§ ACTION ITEM
Please copy every record below exactly and leave out the pictures.
══ MATERIAL FOR THIS TASK
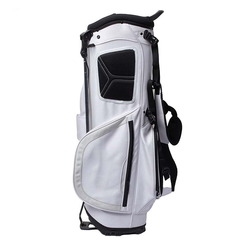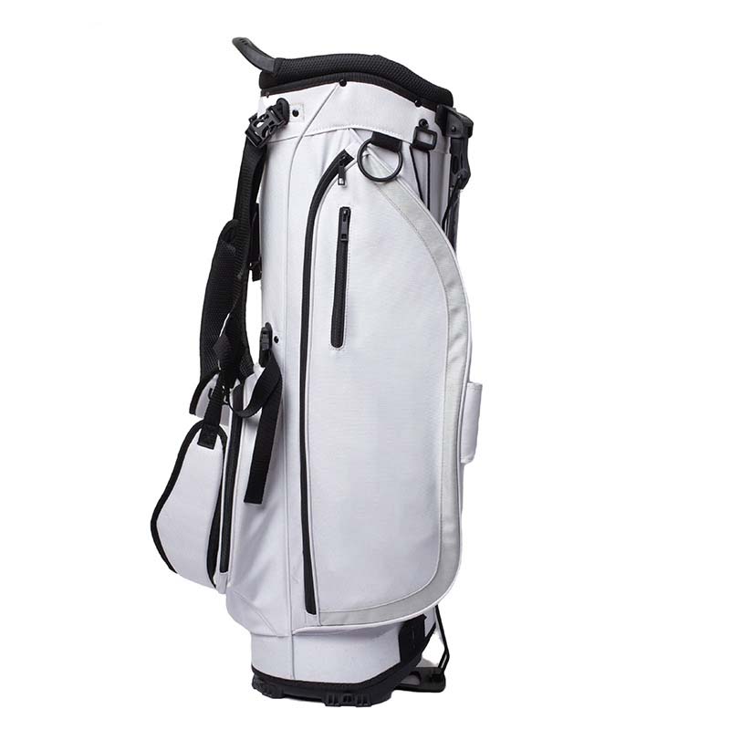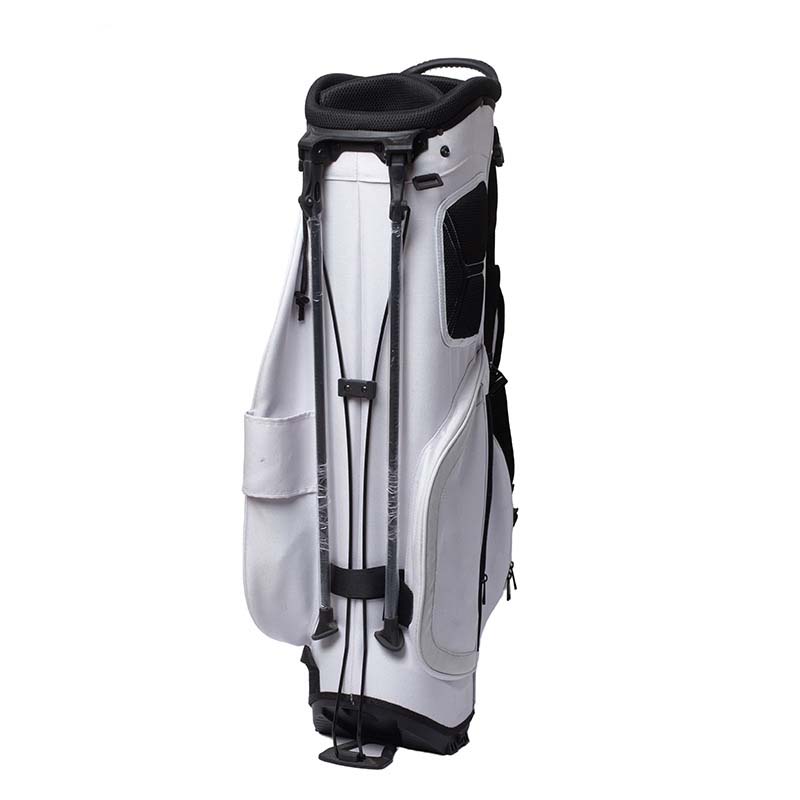 Our 5-Compartment White Golf Stand Bag is the ideal combination of design and practicality. This stand bag’s high-quality nylon construction makes it durable and abrasion-resistant, making it a great golf companion. It organizes and makes your golf gear accessible with five large club sections. Dual shoulder straps make carrying easy, and breathable cotton mesh lumbar support improves course performance. Stylishly designed, this bag has an umbrella holder and a useful rain cover for those days when the weather is unexpected. It also has carbon fiber support legs for enhanced stability. So you’re ready for everything the game throws at you, the versatile pocket holds all your equipment. Plus, you may customize your bag to match your style.
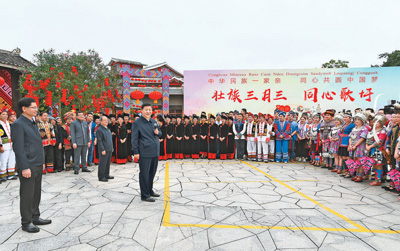 廣西是我國少數民族人口最多的自治區。27日上午,習近平來到位於南寧市邕江之畔的廣西民族博物館,參觀壯族文化展。博物館外,三月三“歌圩節”壯(zhuang)族(zu)對(dui)歌(ge)等(deng)民(min)族(zu)文(wen)化(hua)活(huo)動(dong)正(zheng)在(zai)這(zhe)裏(li)集(ji)中(zhong)展(zhan)示(shi)。習(xi)近(jin)平(ping)強(qiang)調(tiao),廣(guang)西(xi)是(shi)全(quan)國(guo)民(min)族(zu)團(tuan)結(jie)進(jin)步(bu)示(shi)範(fan)區(qu),要(yao)繼(ji)續(xu)發(fa)揮(hui)好(hao)示(shi)範(fan)帶(dai)動(dong)作(zuo)用(yong)。各(ge)民(min)族(zu)共(gong)同(tong)團(tuan)結(jie)進(jin)步(bu)、共同繁榮發展是中華民族的生命所在、力量所在、希望所在,在全麵建設社會主義現代化國家的新征程上,一個民族都不能少,各族人民要心手相牽、團結奮進,共創中華民族的美好未來,共享民族複興的偉大榮光。
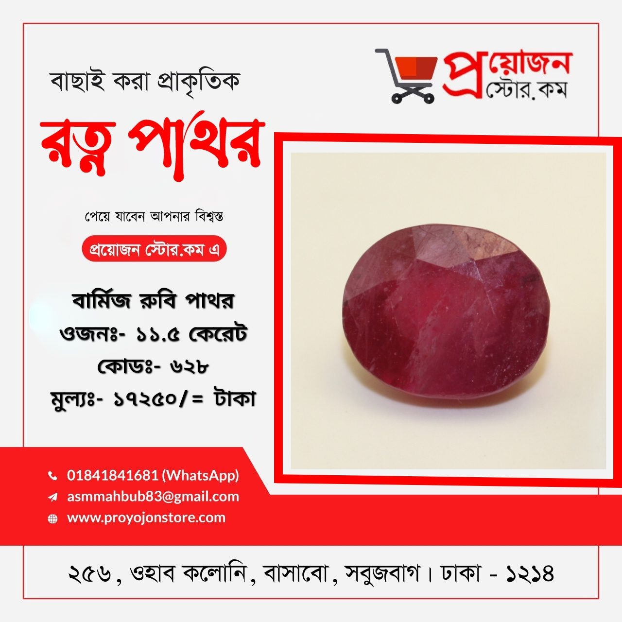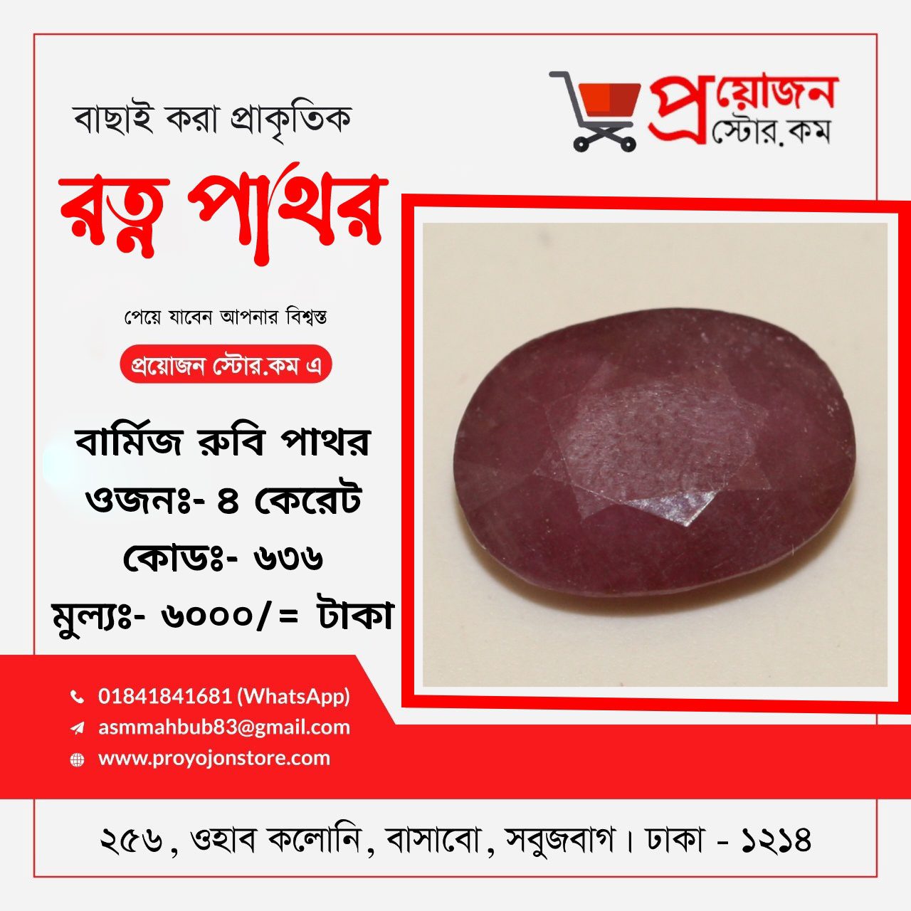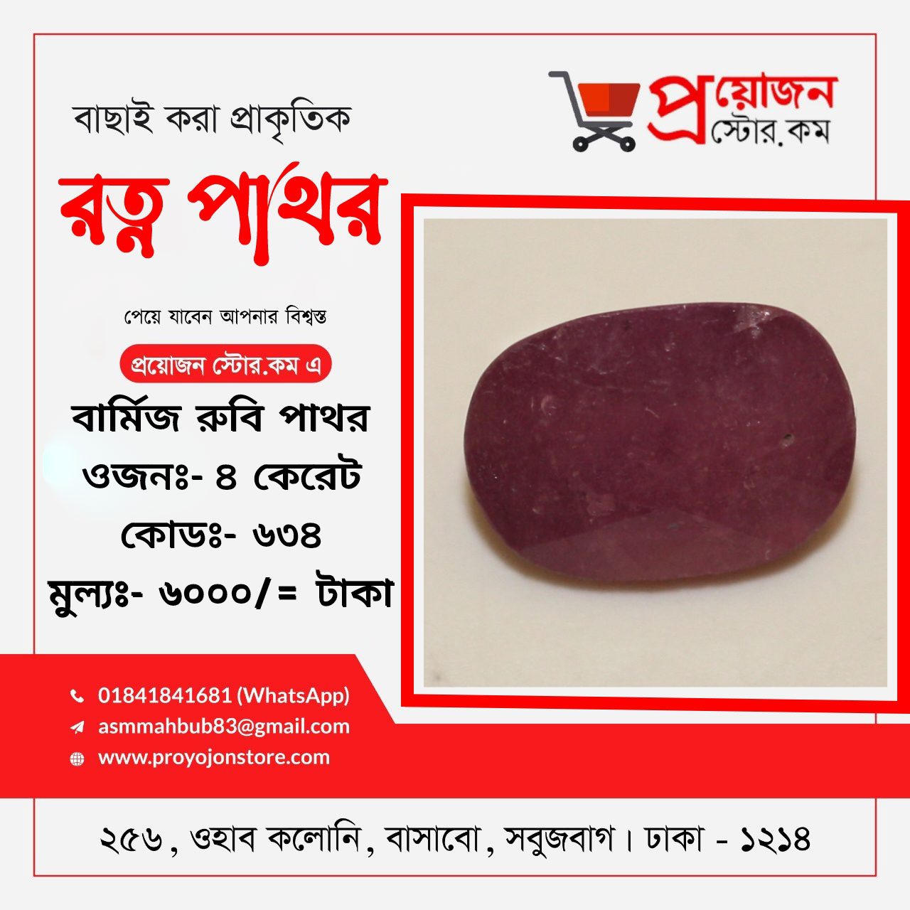 প্রয়োজন স্টোর ডটকম বাংলাদেশের প্রতিটি জেলার প্রত্যন্ত অঞ্চলের অ্যাস্টোলোজার স্যারদের জন্য বিশেষ সুবিধা প্রদান করে যা ভবিষ্যতেও অব্যাহত থাকবে, রত্ন পাথর অর্ডার করতে ও বিস্তারিত জানতে মোবাইলঃ 01841841681 Whatsapp:- 01841841681 ডেলিভারিঃ- ক্যাশ অন ডেলিভারি ৭২ ঘন্টা
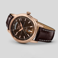 Ремешок: Коричневый ремешок из телячьей кожи с тиснением под аллигатора, контрастная прошивка. Браслетная застежка из нержавеющей стали с PVD покрытием, раскладывающаяся при нажатии кнопок двойной блокировки.
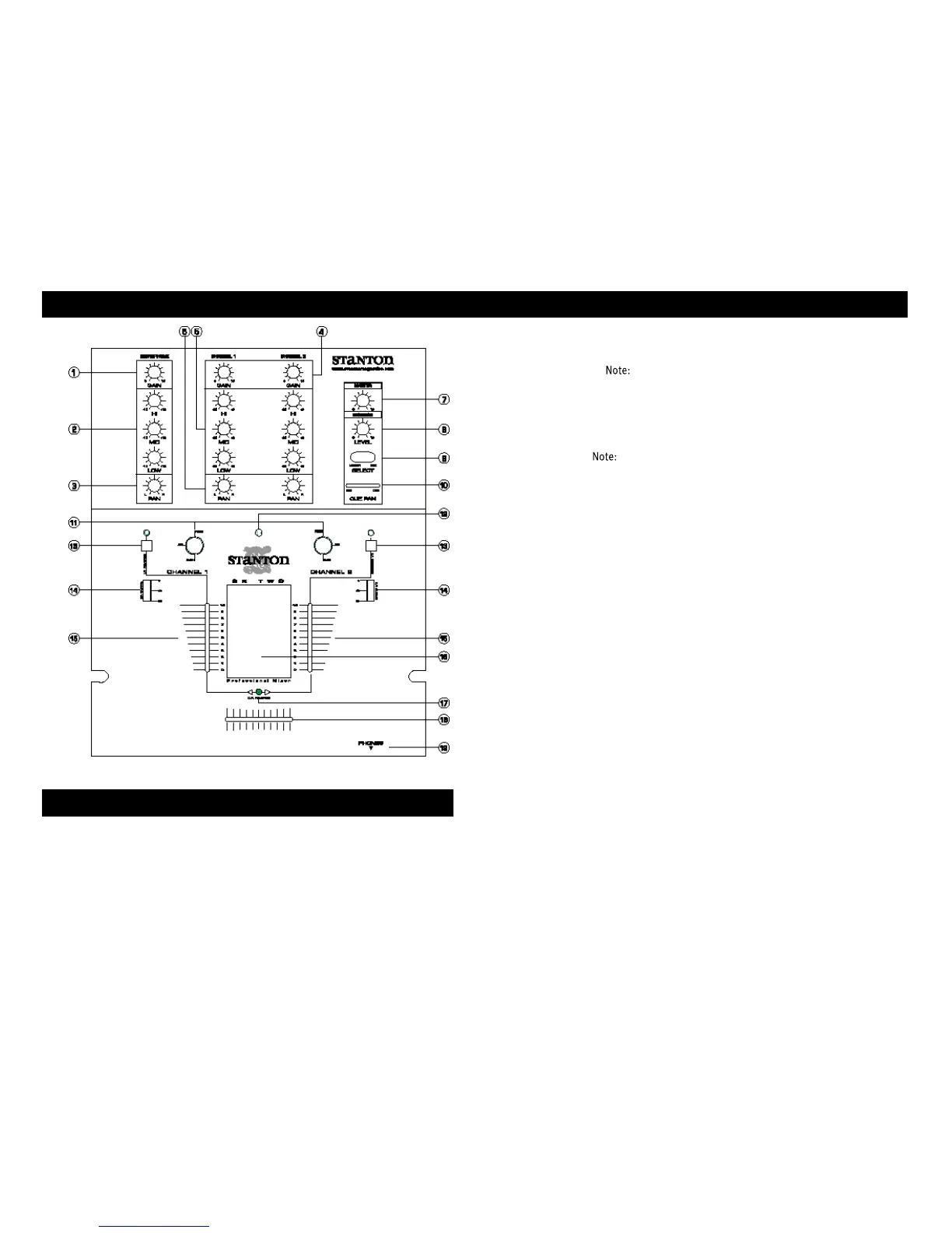 18. Crossfader: Fades the master output between channels 1 and 2.
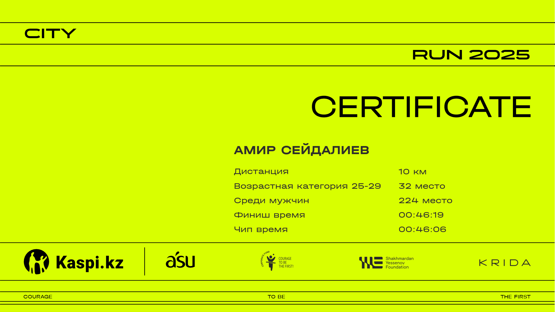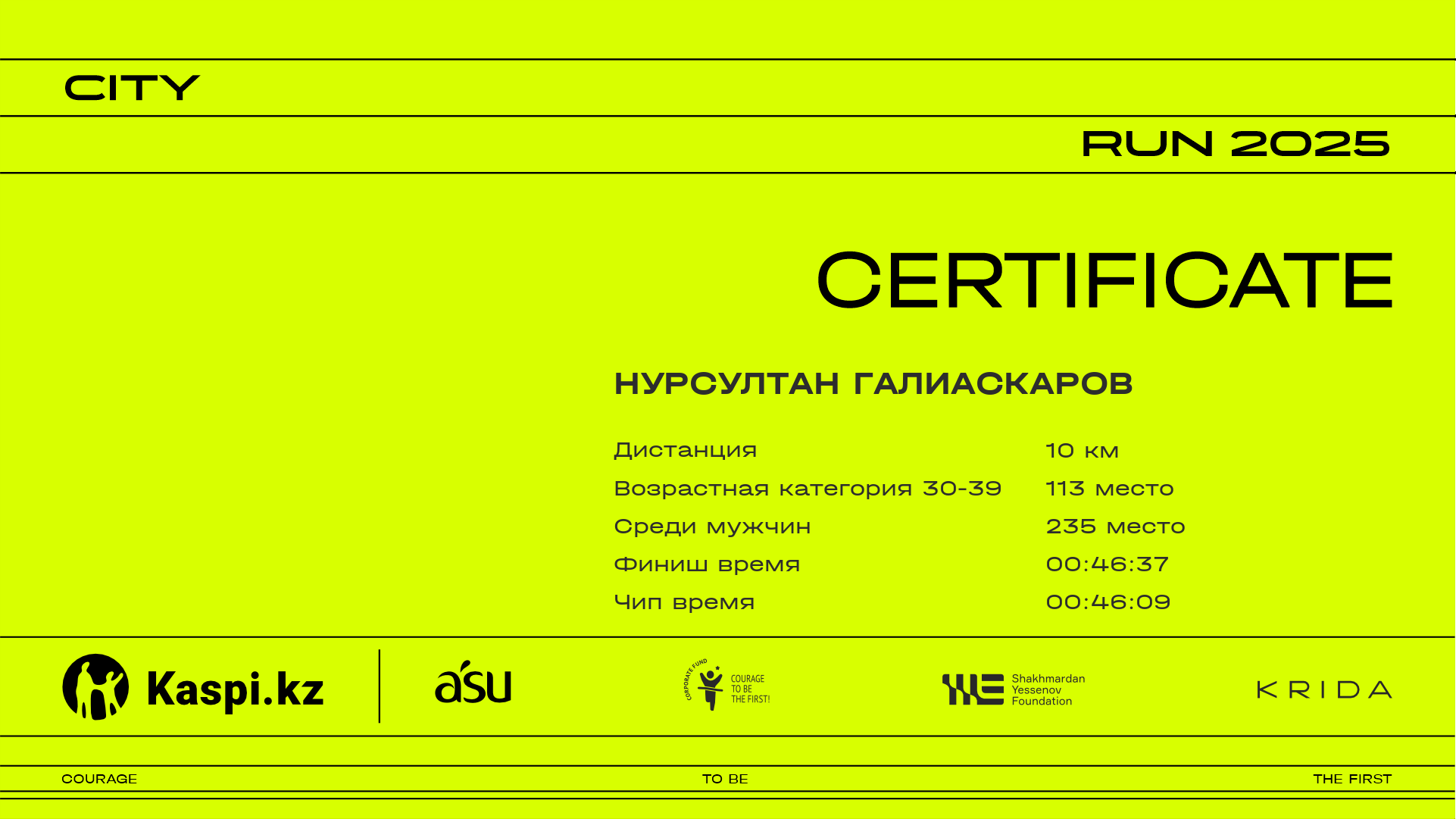 | 254 | Ruslan Dossayev | ![]() | Алматы | 1942 | 00:11:29 | 00:19:40 | 00:28:49 | 00:38:15 | 00:45:21 | 00:46:18 | 00:46:10 | Скачать |
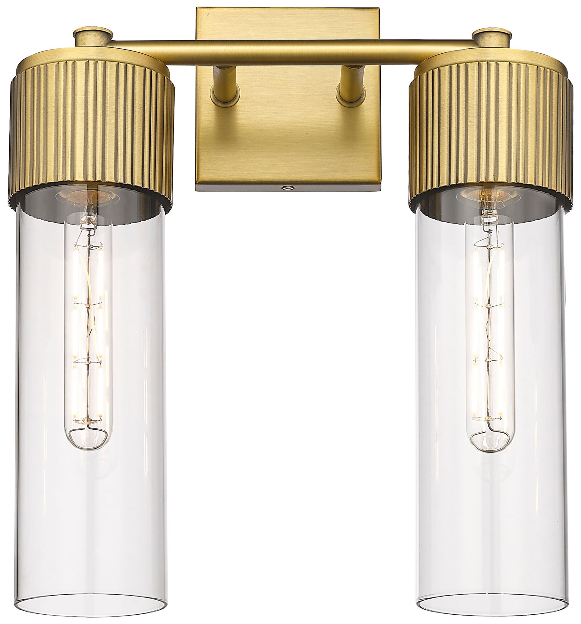 Bolivar 16" High 2 Light Brushed Brass Sconce With Seedy Glass Shade
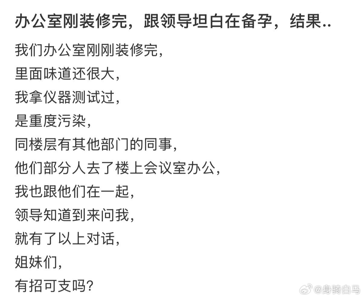 办公室刚装修完,跟领导坦白在备孕,结果..
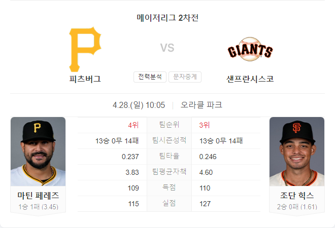 특히 피츠버그는 최근 불펜의 불안정과 집중력 저하로 인해 어려움을 겪고 있어, 이번 경기에서 샌프란시스코가 승리할 가능성이 높아 보입니다.
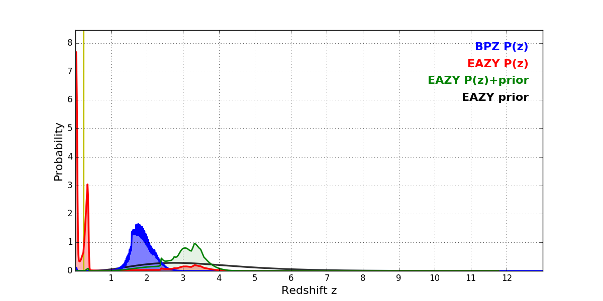 In P(z) plots: Yellow lines mark the cluster redshift z = 0.228,
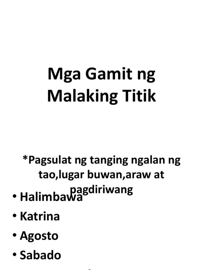 Pag Gamit Ng Malaking Titik Gamit Ng Malaking Titik scribd com April 9th 2019 - PAG IBA PANG SALITANG GINAGAMITAN NG MALAKING TITIK Halimbawa Tamang Paggamit ng Malaking Titik 10 Halimbawa Nagpapahayag tayo ng mga kaisipan at saloobin sa mga taong nakakasalamuha natin sa bawat araw at nagagawa natin ito sa pamamagitan ng tinatawag nating WIKA Pilipino. The Wonders of the World. Batayang kalaaman sa retorika wastong.
════
§ ANSWER SECTION
 Our 5-Compartment White Golf Stand Bag is the ideal combination of design and practicality. This stand bag’s high-quality nylon construction makes it durable and abrasion-resistant, making it a great golf companion. It organizes and makes your golf gear accessible with five large club sections. Dual shoulder straps make carrying easy, and breathable cotton mesh lumbar support improves course performance. Stylishly designed, this bag has an umbrella holder and a useful rain cover for those days when the weather is unexpected. It also has carbon fiber support legs for enhanced stability. So you’re ready for everything the game throws at you, the versatile pocket holds all your equipment. Plus, you may customize your bag to match your style.
 廣西是我國少數民族人口最多的自治區。27日上午,習近平來到位於南寧市邕江之畔的廣西民族博物館,參觀壯族文化展。博物館外,三月三“歌圩節”壯(zhuang)族(zu)對(dui)歌(ge)等(deng)民(min)族(zu)文(wen)化(hua)活(huo)動(dong)正(zheng)在(zai)這(zhe)裏(li)集(ji)中(zhong)展(zhan)示(shi)。習(xi)近(jin)平(ping)強(qiang)調(tiao),廣(guang)西(xi)是(shi)全(quan)國(guo)民(min)族(zu)團(tuan)結(jie)進(jin)步(bu)示(shi)範(fan)區(qu),要(yao)繼(ji)續(xu)發(fa)揮(hui)好(hao)示(shi)範(fan)帶(dai)動(dong)作(zuo)用(yong)。各(ge)民(min)族(zu)共(gong)同(tong)團(tuan)結(jie)進(jin)步(bu)、共同繁榮發展是中華民族的生命所在、力量所在、希望所在,在全麵建設社會主義現代化國家的新征程上,一個民族都不能少,各族人民要心手相牽、團結奮進,共創中華民族的美好未來,共享民族複興的偉大榮光。
 প্রয়োজন স্টোর ডটকম বাংলাদেশের প্রতিটি জেলার প্রত্যন্ত অঞ্চলের অ্যাস্টোলোজার স্যারদের জন্য বিশেষ সুবিধা প্রদান করে যা ভবিষ্যতেও অব্যাহত থাকবে, রত্ন পাথর অর্ডার করতে ও বিস্তারিত জানতে মোবাইলঃ 01841841681 Whatsapp:- 01841841681 ডেলিভারিঃ- ক্যাশ অন ডেলিভারি ৭২ ঘন্টা
 Ремешок: Коричневый ремешок из телячьей кожи с тиснением под аллигатора, контрастная прошивка. Браслетная застежка из нержавеющей стали с PVD покрытием, раскладывающаяся при нажатии кнопок двойной блокировки.
 18. Crossfader: Fades the master output between channels 1 and 2.
 | 254 | Ruslan Dossayev | ![]() | Алматы | 1942 | 00:11:29 | 00:19:40 | 00:28:49 | 00:38:15 | 00:45:21 | 00:46:18 | 00:46:10 | Скачать |
 Bolivar 16" High 2 Light Brushed Brass Sconce With Seedy Glass Shade
 办公室刚装修完,跟领导坦白在备孕,结果..
 특히 피츠버그는 최근 불펜의 불안정과 집중력 저하로 인해 어려움을 겪고 있어, 이번 경기에서 샌프란시스코가 승리할 가능성이 높아 보입니다.
 In P(z) plots: Yellow lines mark the cluster redshift z = 0.228,
 Pag Gamit Ng Malaking Titik Gamit Ng Malaking Titik scribd com April 9th 2019 - PAG IBA PANG SALITANG GINAGAMITAN NG MALAKING TITIK Halimbawa Tamang Paggamit ng Malaking Titik 10 Halimbawa Nagpapahayag tayo ng mga kaisipan at saloobin sa mga taong nakakasalamuha natin sa bawat araw at nagagawa natin ito sa pamamagitan ng tinatawag nating WIKA Pilipino. The Wonders of the World. Batayang kalaaman sa retorika wastong.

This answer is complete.